• Exercise prompt: Begin with the first line below and retype each line exactly through the line containing "瀏覽次數: 7Post author:hlvs302aPost". Any pictures are to be left out.

Extracted records:
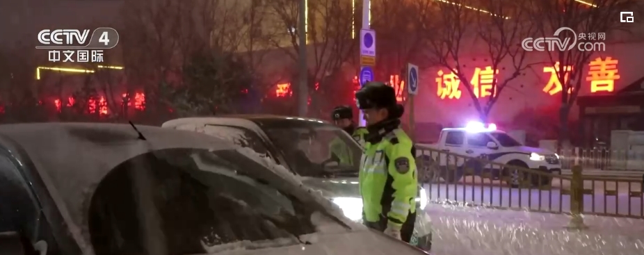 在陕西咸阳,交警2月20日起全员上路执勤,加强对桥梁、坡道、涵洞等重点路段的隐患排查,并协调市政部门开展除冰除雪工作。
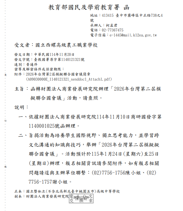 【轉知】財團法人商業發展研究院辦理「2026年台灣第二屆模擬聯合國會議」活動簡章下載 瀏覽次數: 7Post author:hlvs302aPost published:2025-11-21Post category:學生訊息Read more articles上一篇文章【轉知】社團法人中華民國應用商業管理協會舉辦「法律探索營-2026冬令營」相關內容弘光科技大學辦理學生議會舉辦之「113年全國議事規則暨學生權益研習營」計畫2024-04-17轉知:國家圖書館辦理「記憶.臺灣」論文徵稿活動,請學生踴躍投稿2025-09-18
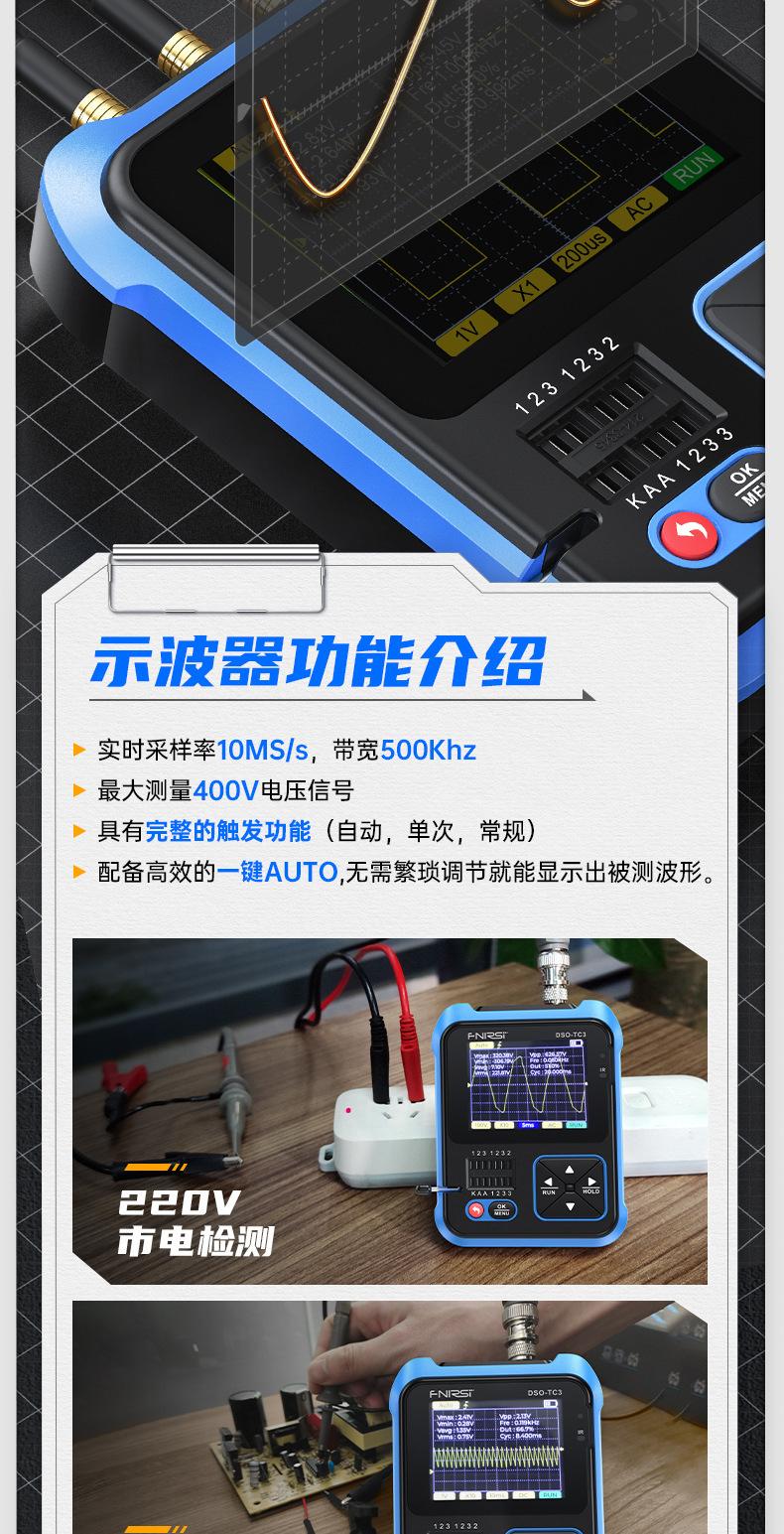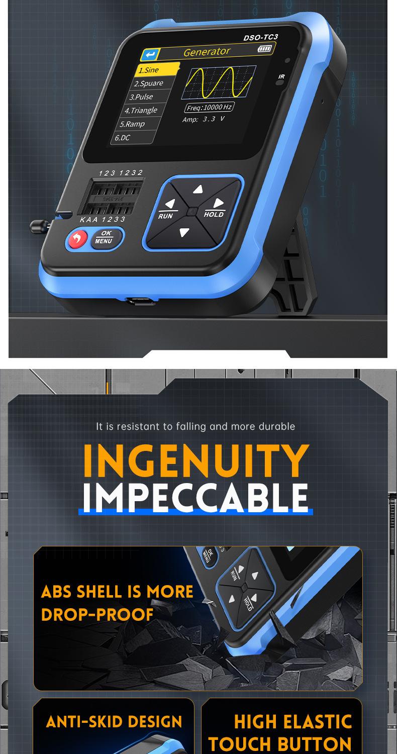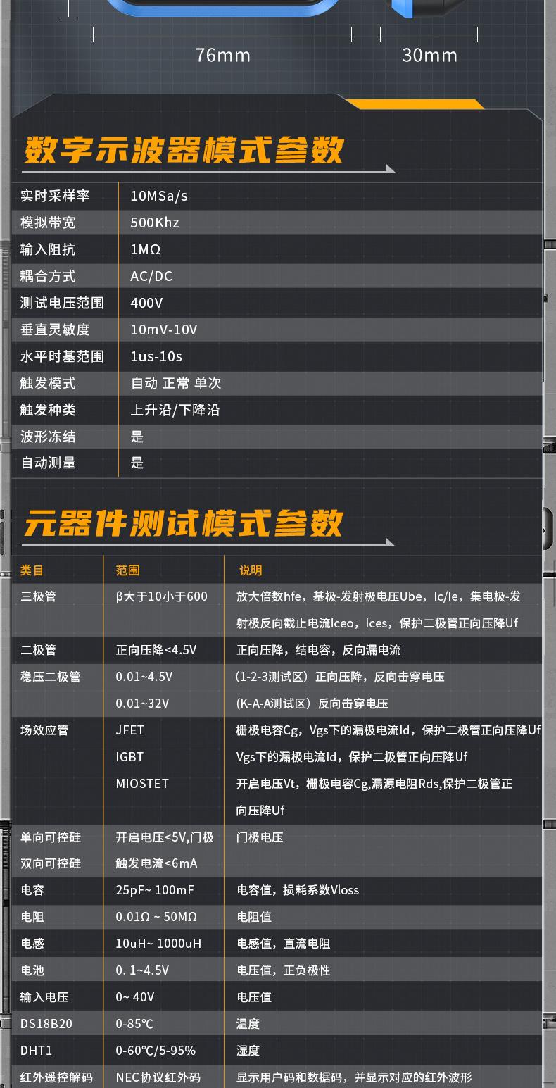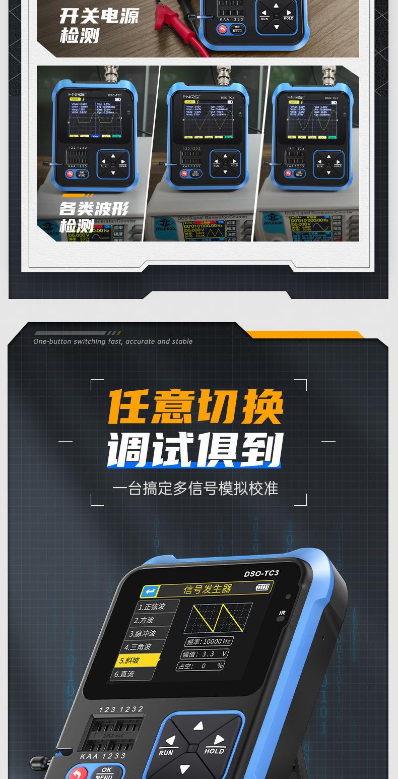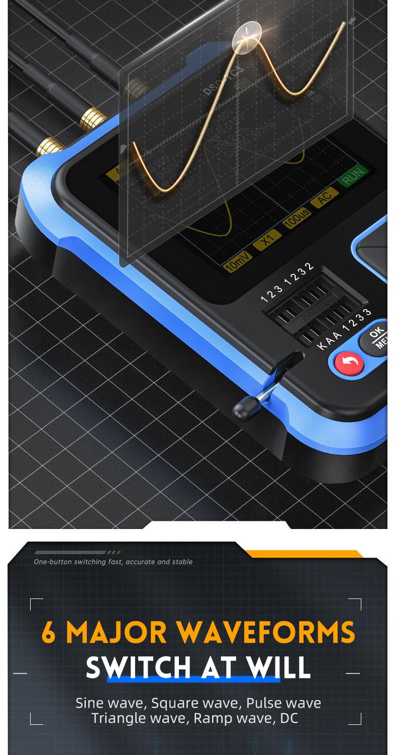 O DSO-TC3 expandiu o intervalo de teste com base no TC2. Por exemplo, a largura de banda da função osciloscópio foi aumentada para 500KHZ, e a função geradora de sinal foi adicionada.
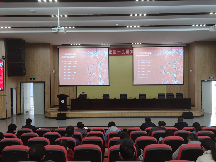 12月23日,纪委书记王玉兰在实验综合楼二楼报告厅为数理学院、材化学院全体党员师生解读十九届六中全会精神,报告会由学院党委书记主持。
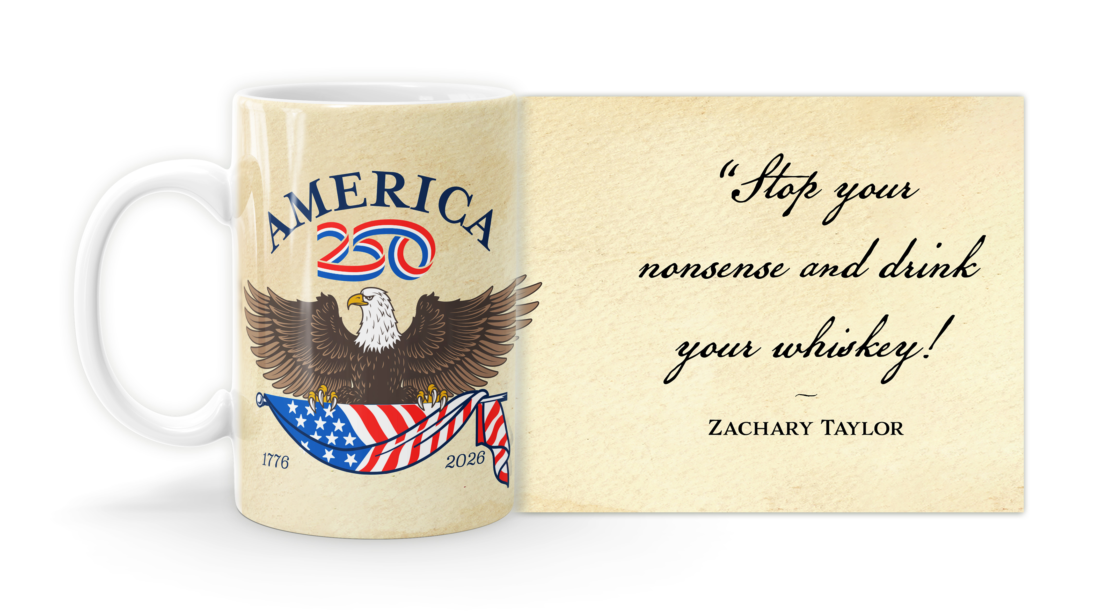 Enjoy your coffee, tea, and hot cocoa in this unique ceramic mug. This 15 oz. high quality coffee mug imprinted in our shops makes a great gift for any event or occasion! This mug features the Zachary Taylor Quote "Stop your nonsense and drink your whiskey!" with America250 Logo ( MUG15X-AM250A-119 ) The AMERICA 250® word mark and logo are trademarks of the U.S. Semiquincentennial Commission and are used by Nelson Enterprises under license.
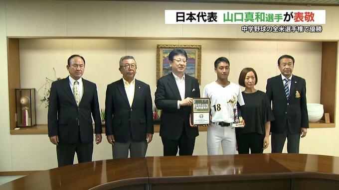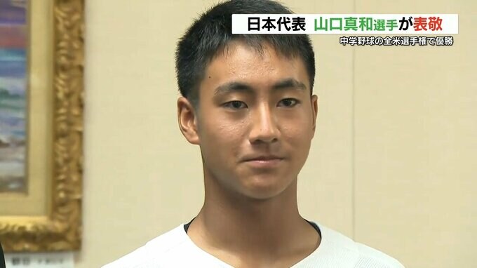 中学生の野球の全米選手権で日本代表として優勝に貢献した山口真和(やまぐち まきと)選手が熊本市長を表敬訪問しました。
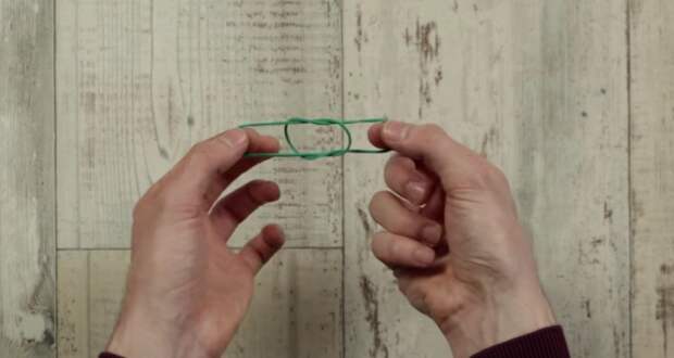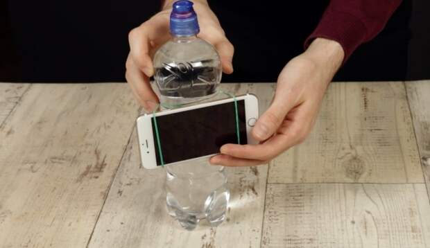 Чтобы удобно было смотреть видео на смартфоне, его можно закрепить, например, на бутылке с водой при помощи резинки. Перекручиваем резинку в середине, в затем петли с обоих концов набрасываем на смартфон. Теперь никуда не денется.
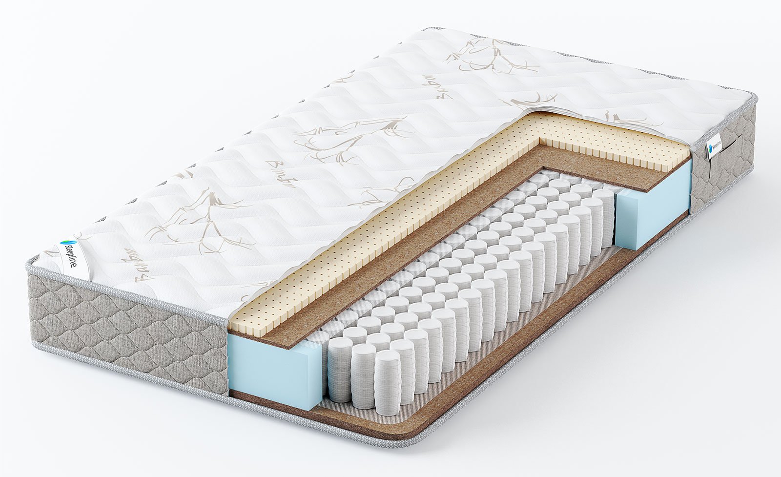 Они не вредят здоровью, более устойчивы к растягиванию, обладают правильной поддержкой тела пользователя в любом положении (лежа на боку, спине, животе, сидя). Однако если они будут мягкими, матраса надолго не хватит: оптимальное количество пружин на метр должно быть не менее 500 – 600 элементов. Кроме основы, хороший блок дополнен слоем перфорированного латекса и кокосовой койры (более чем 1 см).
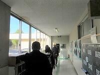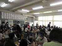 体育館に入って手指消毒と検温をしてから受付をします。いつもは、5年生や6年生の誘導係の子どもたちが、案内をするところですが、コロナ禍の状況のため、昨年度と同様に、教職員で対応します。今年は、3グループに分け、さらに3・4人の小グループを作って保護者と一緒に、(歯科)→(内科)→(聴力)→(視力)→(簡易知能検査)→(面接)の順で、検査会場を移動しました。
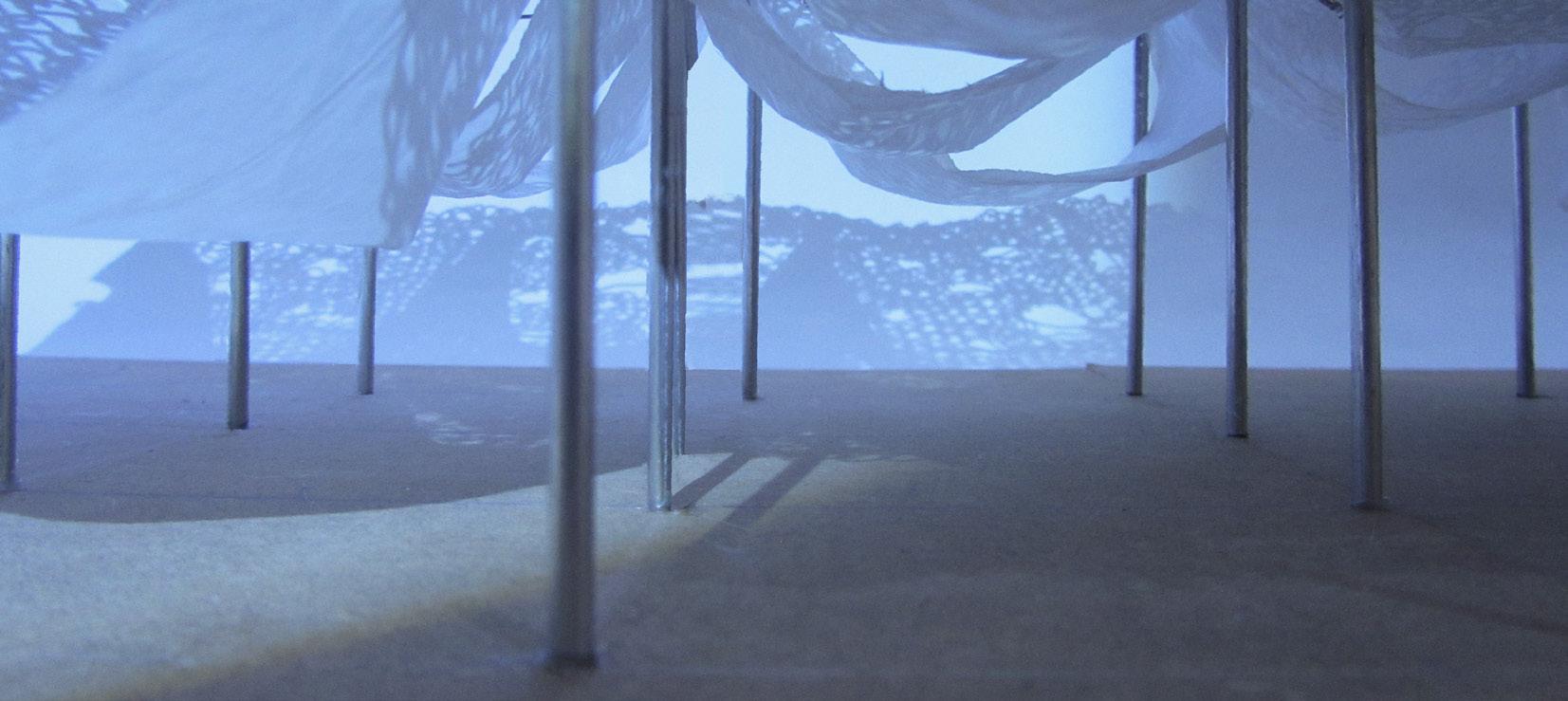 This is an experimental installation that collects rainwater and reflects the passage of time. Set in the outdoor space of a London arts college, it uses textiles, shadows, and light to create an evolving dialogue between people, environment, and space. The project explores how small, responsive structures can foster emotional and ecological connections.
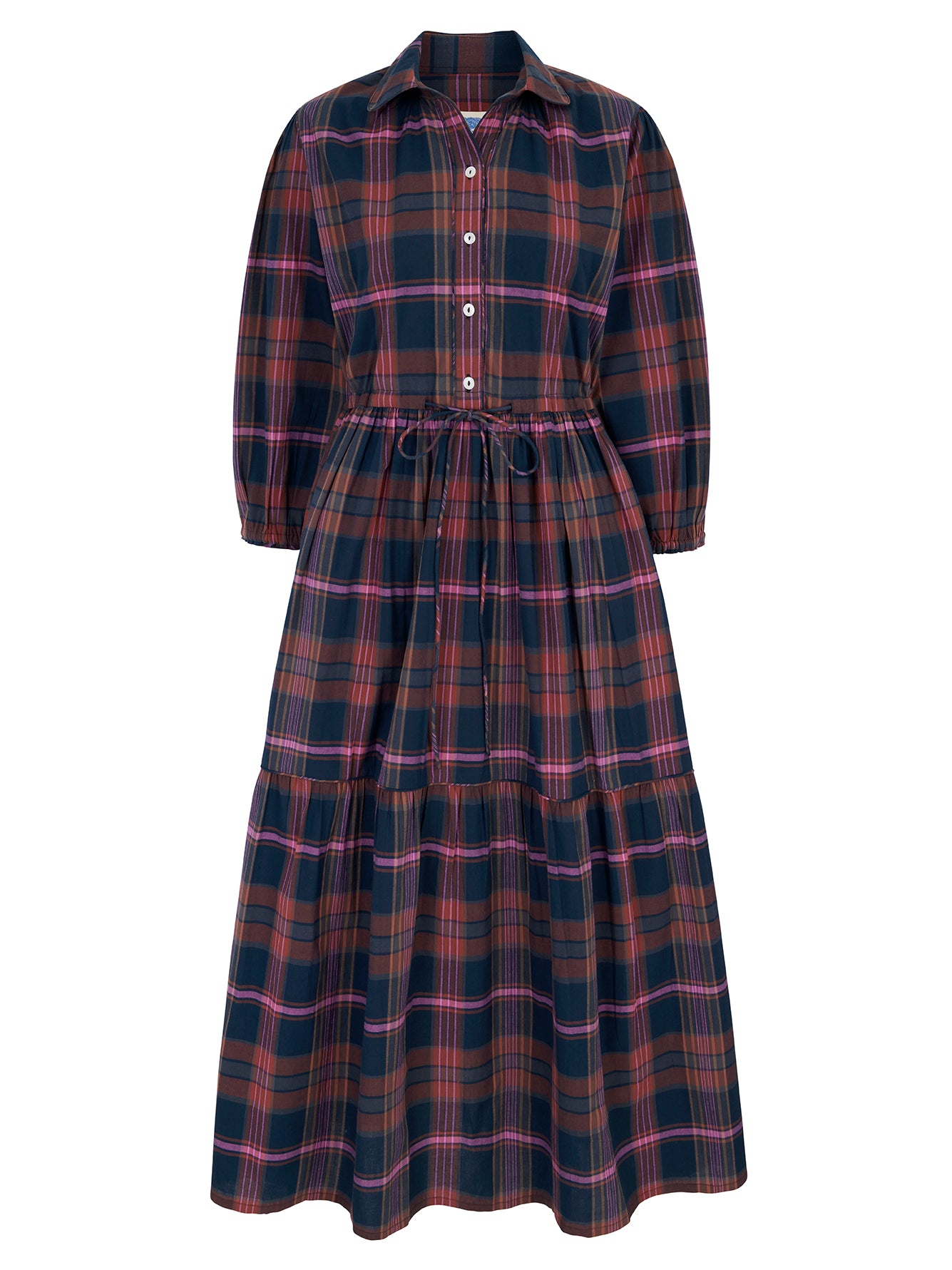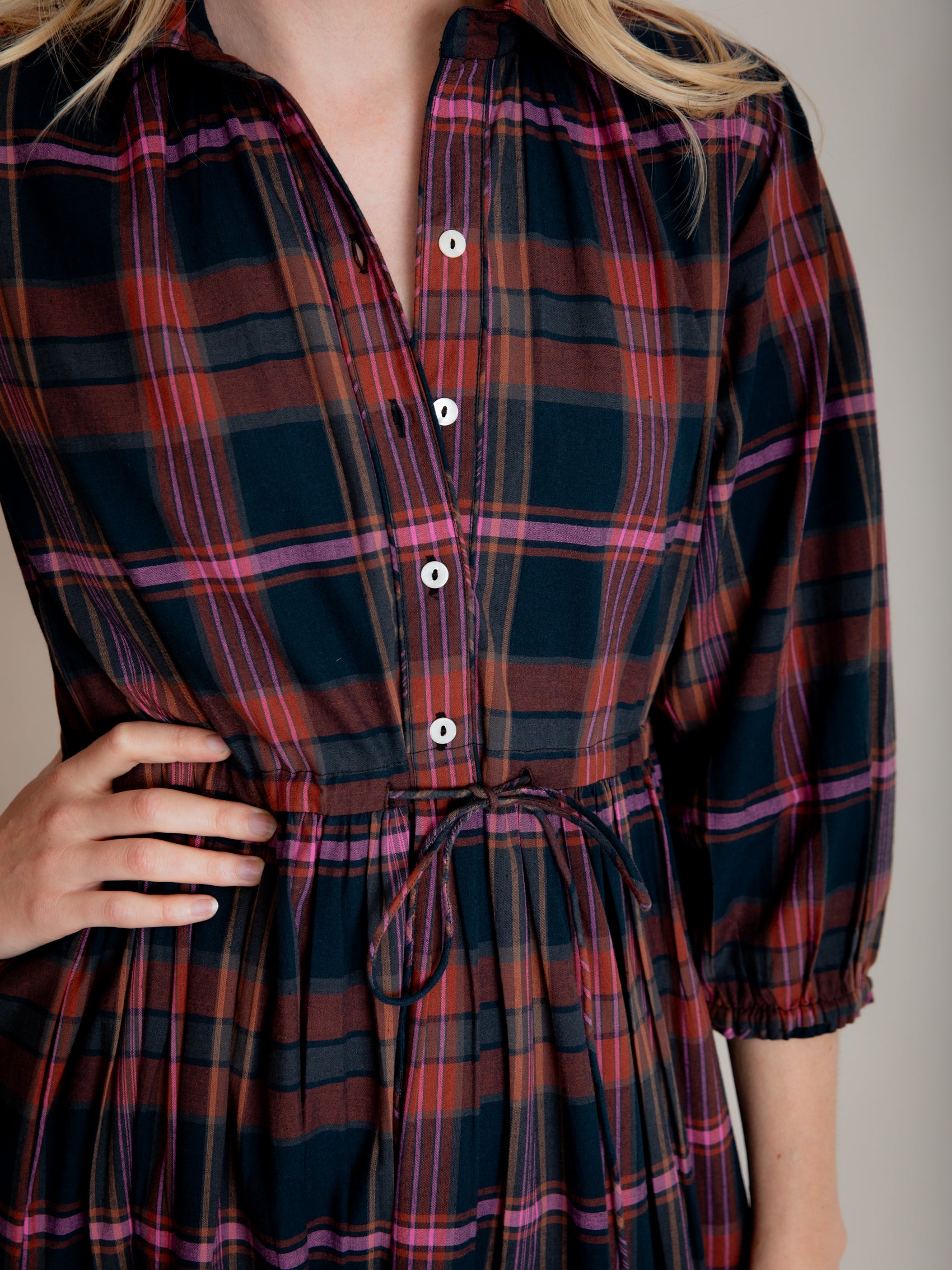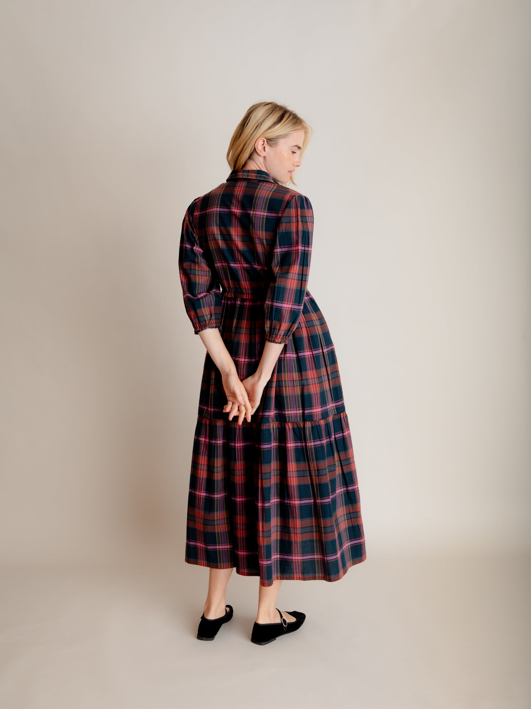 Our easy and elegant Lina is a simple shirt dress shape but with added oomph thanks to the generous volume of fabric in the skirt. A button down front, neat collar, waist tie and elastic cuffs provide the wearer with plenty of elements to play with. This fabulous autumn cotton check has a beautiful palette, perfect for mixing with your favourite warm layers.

• Your response:
 在陕西咸阳,交警2月20日起全员上路执勤,加强对桥梁、坡道、涵洞等重点路段的隐患排查,并协调市政部门开展除冰除雪工作。
 【轉知】財團法人商業發展研究院辦理「2026年台灣第二屆模擬聯合國會議」活動簡章下載 瀏覽次數: 7Post author:hlvs302aPost published:2025-11-21Post category:學生訊息Read more articles上一篇文章【轉知】社團法人中華民國應用商業管理協會舉辦「法律探索營-2026冬令營」相關內容弘光科技大學辦理學生議會舉辦之「113年全國議事規則暨學生權益研習營」計畫2024-04-17轉知:國家圖書館辦理「記憶.臺灣」論文徵稿活動,請學生踴躍投稿2025-09-18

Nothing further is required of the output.